## Work item
Return only the lines from the top of the data down to the one that holds "ست گوشواره و", both included, without any pictures.

Entries taken from a collection:
--- START ---
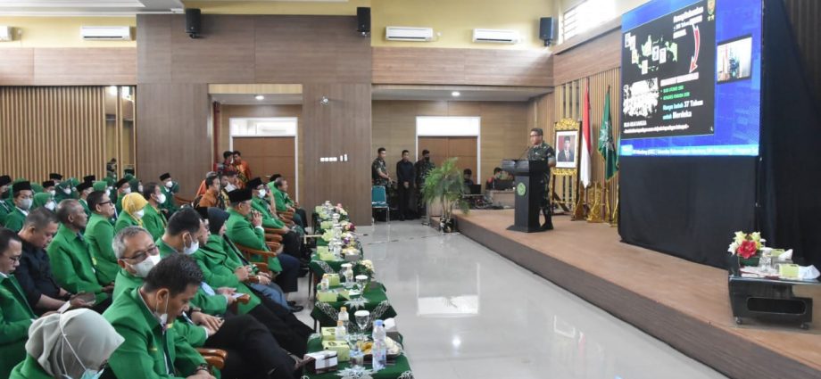 Pemberian Kuliah Umum oleh Pangdam II/Swj terswlebut, dalam rangka kegiatan Pengenalan Kehidupan Kampus bagi Mahasiswa Baru (PK2MB) Universitas Muhammadiyah Palembang TA. 2022/2023.
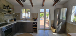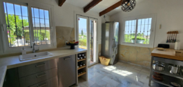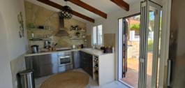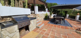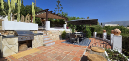 RECHTS VAN DE WOONKAMER IS EEN VOLLEDIG INGERICHTE KEUKEN MET CHROOM AFWERKING, GOED VERDEELD, ALLE APPARATEN ZIJN VAN GOEDE KWALITEIT. ER ZIJN OPENSLAANDE DEUREN VOOR GEMAKKELIJKE TOEGANG TOT NIET ÉÉN, MAAR 2 SPLIT-LEVEL TERRASSEN. GOED INGERICHT MET LIGSTOEL GAZEBO, HET LAGERE NIVEAU BESCHIKT OVER EEN 8 ZITS SCHADUWRIJKE EETTAFEL EN BBQ GEBIED, WEER MET DIE EEN PRACHTIG UITZICHT.
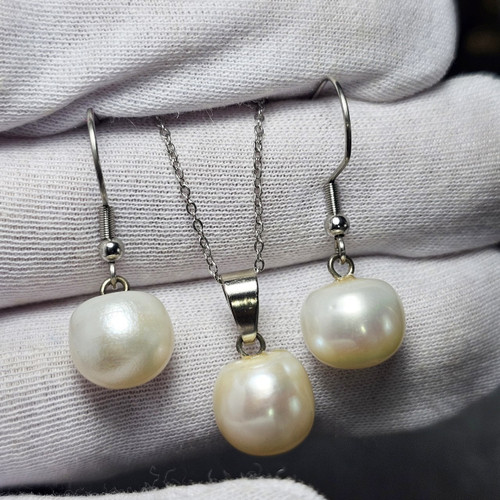 ست گوشواره و گردنبند مروارید اصلی پرورشی کد 34564
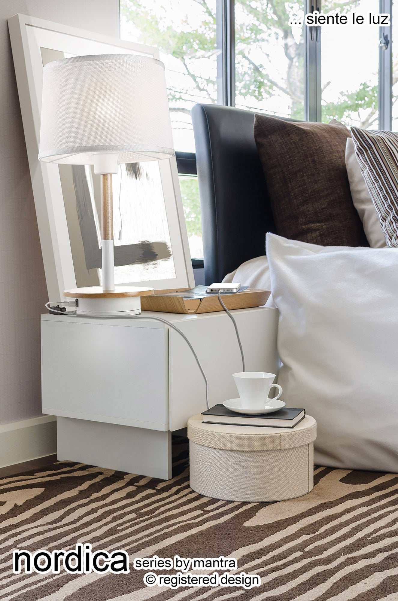 Nordica II is a prime example of how our designers continue to accommodate the needs of our consumers. This collection features the best of its designer ingenuity offering a table, floor, standard wall and LED reading wall lamp, all with a built in USB port and wooden beech ledges, making them ideal for charging portable devices. This added selection to the Nordica family also includes 5 and 3 light telescopic pendants and an extendable arm wall light, all with adjustable shades, suitable for evening studies or reading. These products continue to be perfectly balanced by a combination of white translucent shades, white metal hardware and a natural wooden structure. Technology and functionality merge with fabric shades and natural wood, the essence of Nordica II.
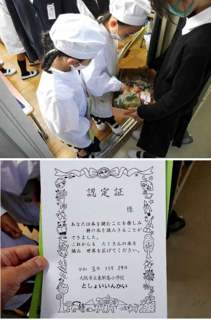 図書委員が、たくさんの本を読み切った児童に表彰を手渡して、手作りのしおりを渡していました。うれしいですね。
--- END ---
## Result for this exercise
 Pemberian Kuliah Umum oleh Pangdam II/Swj terswlebut, dalam rangka kegiatan Pengenalan Kehidupan Kampus bagi Mahasiswa Baru (PK2MB) Universitas Muhammadiyah Palembang TA. 2022/2023.
 RECHTS VAN DE WOONKAMER IS EEN VOLLEDIG INGERICHTE KEUKEN MET CHROOM AFWERKING, GOED VERDEELD, ALLE APPARATEN ZIJN VAN GOEDE KWALITEIT. ER ZIJN OPENSLAANDE DEUREN VOOR GEMAKKELIJKE TOEGANG TOT NIET ÉÉN, MAAR 2 SPLIT-LEVEL TERRASSEN. GOED INGERICHT MET LIGSTOEL GAZEBO, HET LAGERE NIVEAU BESCHIKT OVER EEN 8 ZITS SCHADUWRIJKE EETTAFEL EN BBQ GEBIED, WEER MET DIE EEN PRACHTIG UITZICHT.
 ست گوشواره و گردنبند مروارید اصلی پرورشی کد 34564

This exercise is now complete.